- Church: Episcopal Church
- Diocese: Chicago
- Elected: October 20, 1953
- In office: 1954–1971
- Predecessor: Wallace E. Conkling
- Successor: James W. Montgomery
- Previous post: Suffragan Bishop of Dallas (1950-1954)

Orders
- Ordination: June 1933 by William T. Manning
- Consecration: September 29, 1950 by Henry St. George Tucker

Personal details
- Born: June 8, 1906 Bangor, Maine, United States
- Died: July 17, 2001 (aged 95) Sarasota, Florida, United States
- Denomination: Anglican
- Parents: William George Burrill and Clara Mary McCafferty
- Spouse: Elna Jean Thompson
- Children: 2

= Frank Burrill =

American Episcopal bishop (1906–2001)

Gerald Francis Burrill (June 8, 1906 – July 17, 2001) was the eighth bishop of the Episcopal Diocese of Chicago.

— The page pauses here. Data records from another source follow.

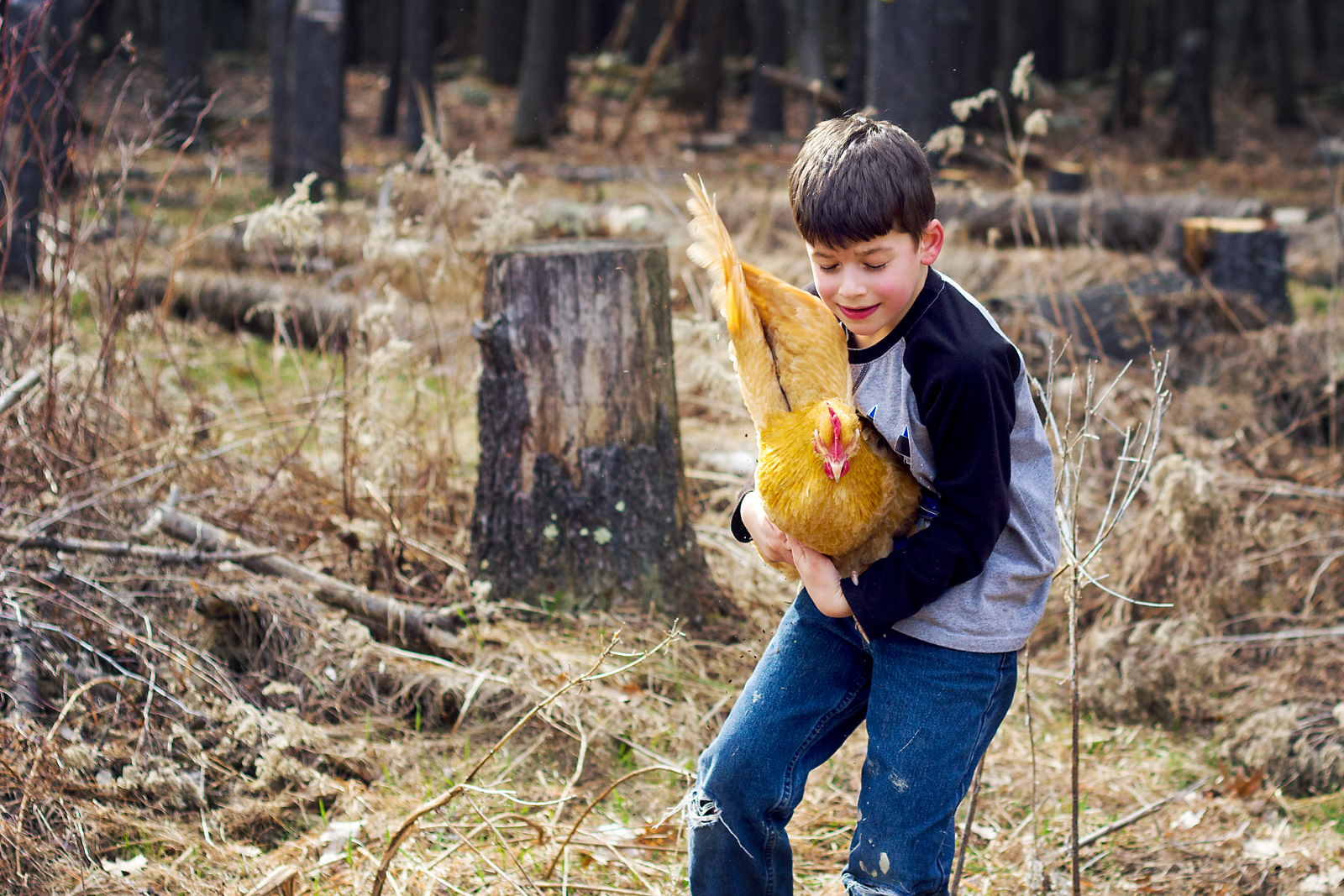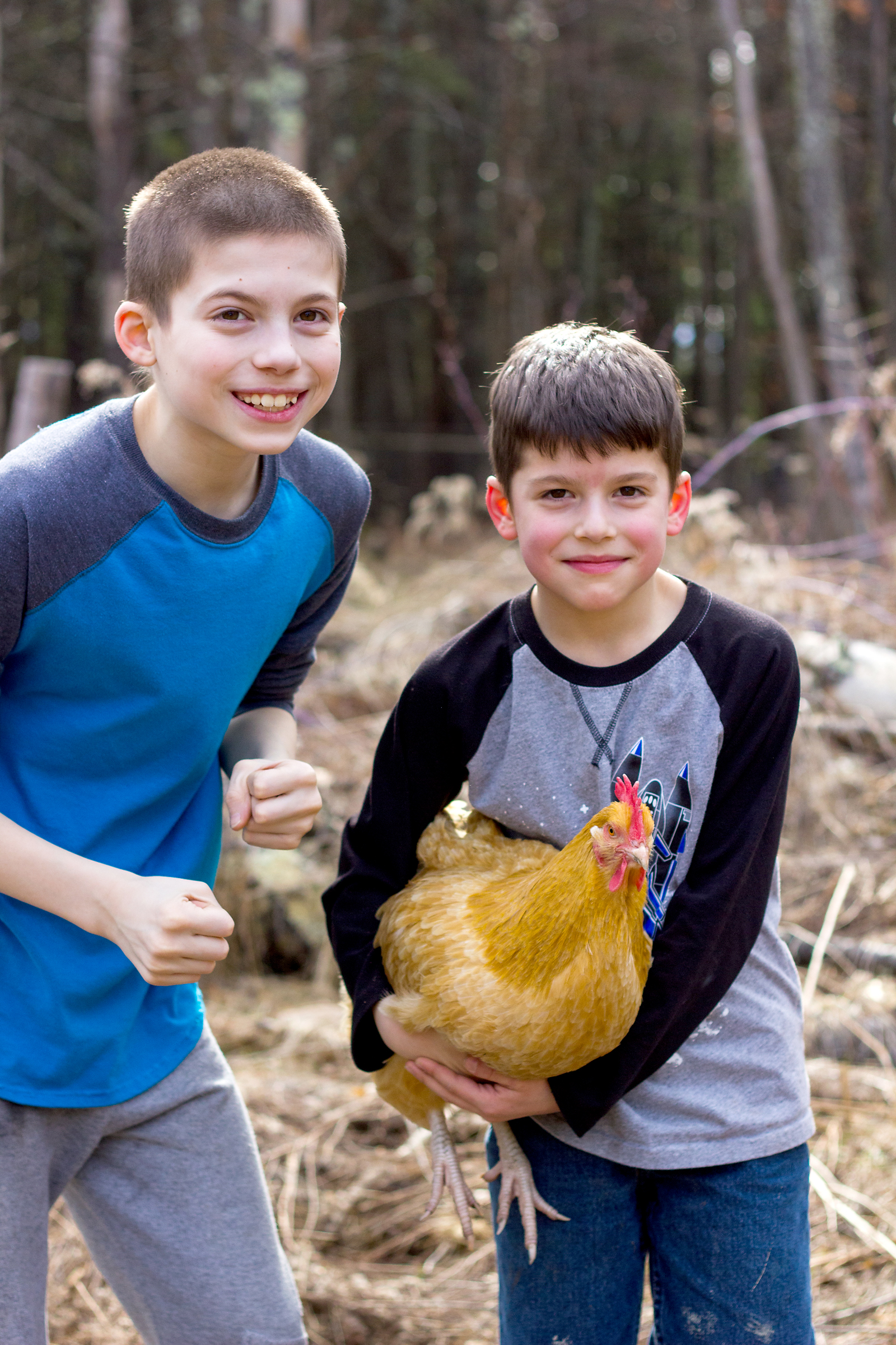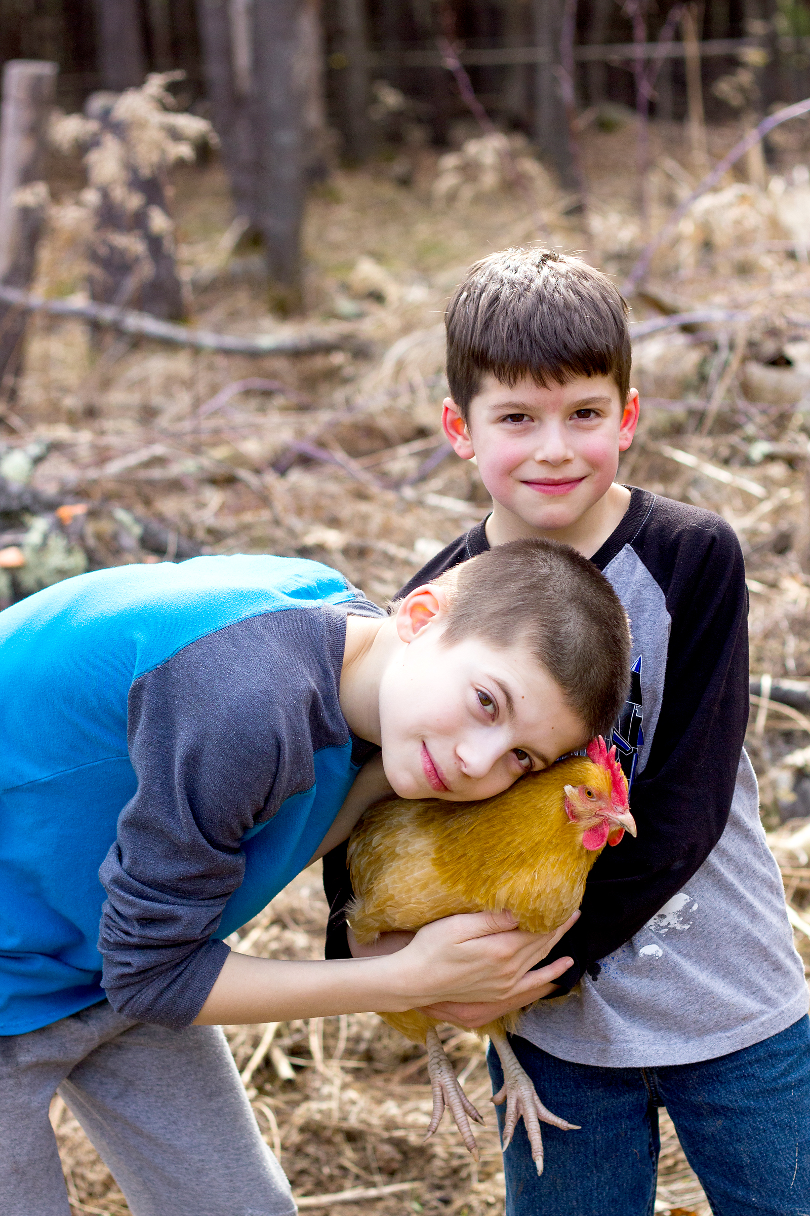 It’s been really quiet on the blog. The long, dark and cold winter put me in a photography rut. But spring is here and we can finally go outside again. The chickens are enjoying it just as much as the kids. And I enjoy capturing our “real” life – messy yard, kids with torn pants and paint stains and most likely chicken poop. I was just trying to take a few photos of the kids hanging with the chickens dust bathing. It was their idea to do a little shoot with Goldie, the only chicken that likes to be picked up.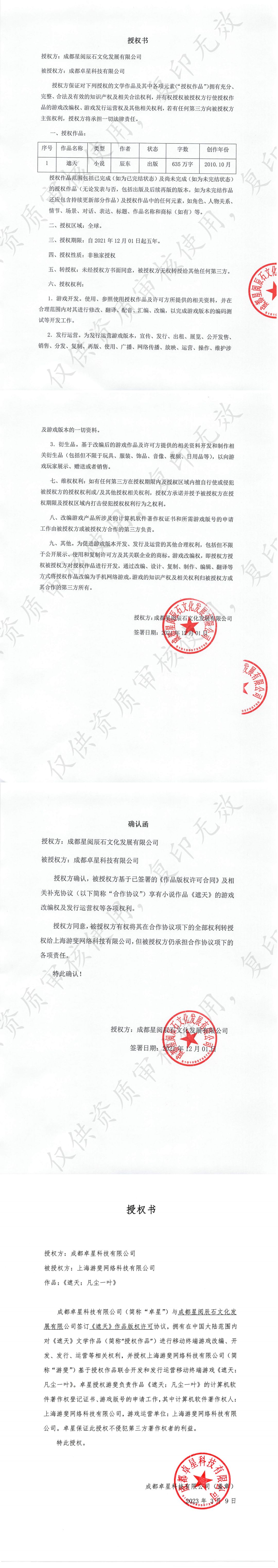 1. 我司于2021年与《遮天》IP版权方达成正式合作,依法获得该 IP 的正版授权,并基于此开发制作了产品《遮天:凡尘一叶》,相关授权文件真实有效。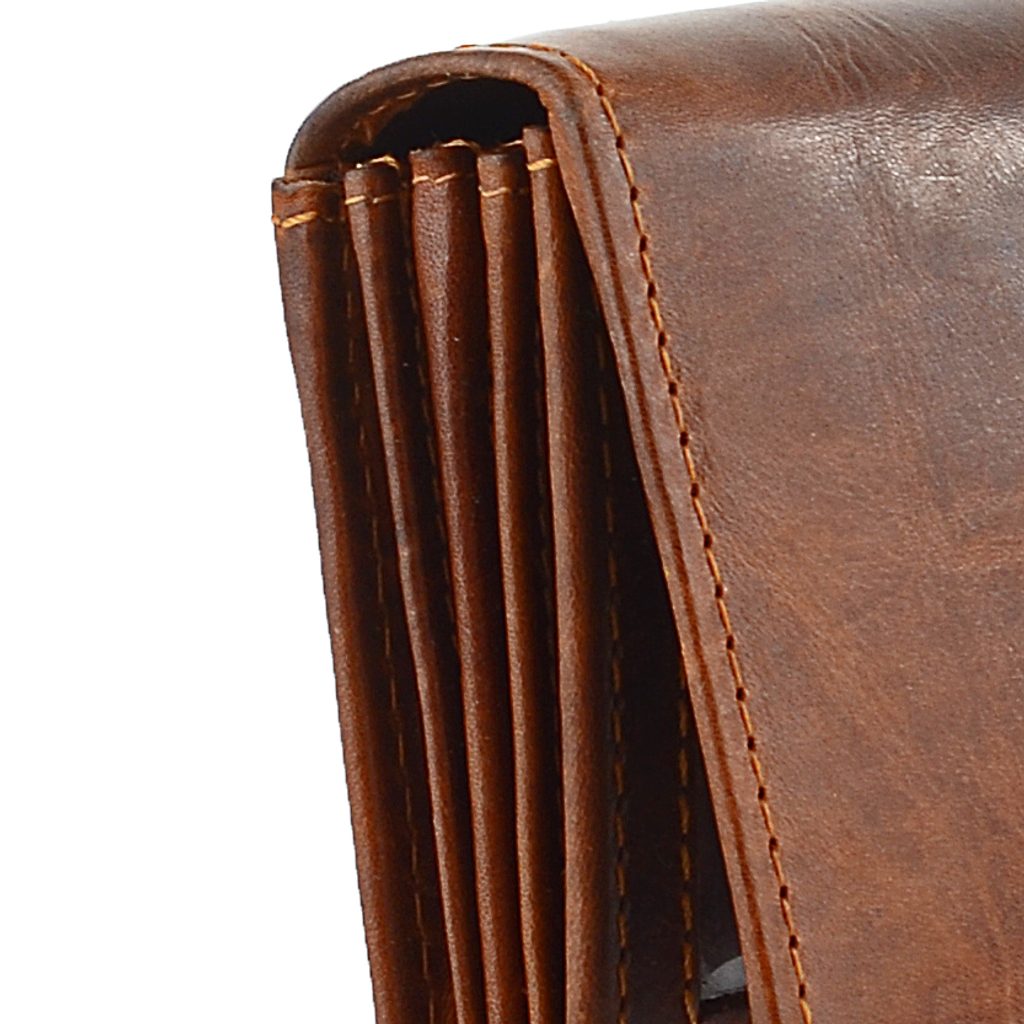 Dámská prostorná peněženka z mačkané kůže v pěkném odstínu kaštanově hnědé barvy.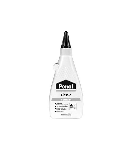 Der bewährte Klassiker – Ponal HolzleimDieser bewährte hochfeste Qualitäts-Holzleim von Ponal eignet sich hervorragend für alle Holzarten und Holzwerkstoffe. Nutzen Sie ihn für die Montageverleimung mit Dübeln, Nut und Feder etc., für die Fugenverleimung (Anleimer, Massivholz) oder für die Flächenverleimung von Schichtpressstoffplatten, Hartfaserplatten, Furnierkanten u. Ä. Der lösungsmittelfreie Holzleim kann aber auch bestens für viele Bastelarbeiten eingesetzt werden. Einfach den Ponal Classic einseitig und dünn auftragen, bei Hartholz und Stirnseite beidseitig, Teile zusammenpressen, solange der Leim feucht ist - und fertig.Der Ponal Classic Holzleim trocknet transparent und lässt sich in frischem Zustand auch ganz einfach wieder mit Wasser entfernen. Diesen gebrauchsfertigen, wasserbasierten Weißleim erhalten Sie günstig hier bei uns im Shop.Auf Ponal vertrauen auch die Profis.Bitte beachten Sie die Gefahren- und Sicherheitshinweise:Gefahrenhinweise: -Sicherheitshinweise:-P102: Darf nicht in die Hände von Kindern gelangen.-P101: Ist ärztlicher Rat erforderlich, Verpackung oder Kennzeichnungsetikett bereithalten.-P262: Nicht in die Augen, auf die Haut oder auf die Kleidung gelangen lassen.Signalwort: -Gefahrenklasse/-kategorie: - ...

==Early life and education==
Burrill was born on June 8, 1906, in Bangor, Maine, the son of William George Burrill and Clara Mary McCafferty. In 1929 he graduated from the University of Maine with a Bachelor of Arts. After studying at the General Theological Seminary, he graduated with a Bachelor of Sacred Theology in 1932.

==Priest==
Burrill was ordained deacon in 1932 and a priest a year later in 1933. His first post was as priest-in-charge of All Saints Church in Mariners Harbor, Staten Island. In 1935 he became rector of St Paul's Church in Morrisania, Bronx. He also served as a member of the board of religion education in New York in 1939 and later served as its president from 1941 till 1944. He was also president of the New York Churchman's Clericus in 1943 and served as chairman of the commission on church education of the second province in 1944. He served as rector of Christ Church in Williamsport, Pennsylvania from 1946 till 1950.

==Bishop==
Burrill was elected Suffragan Bishop of Dallas on May 30, 1950. He was consecrated on September 29, 1950, by former Presiding Bishop Henry St. George Tucker as chief consecrator in St Matthew's Cathedral in Dallas, Texas. In 1954, he was elected Bishop of Chicago. While in Chicago he established the Church of St James as the permanent cathedral of Chicago after the original Cathedral of St Peter and St Paul was destroyed. He was also instrumental in promoting integration in the 'white' parishes of Chicago and promoting the elections of black clergy as rectors and vicars. Burrill retired on October 1, 1971. After retirement he moved to Sarasota, Florida and assisted the Bishop of Southwest Florida. He died on July 17, 2001.

==Family==
Burrill and his wife Elna had two sons, James and William, the latter having served as Bishop of Rochester.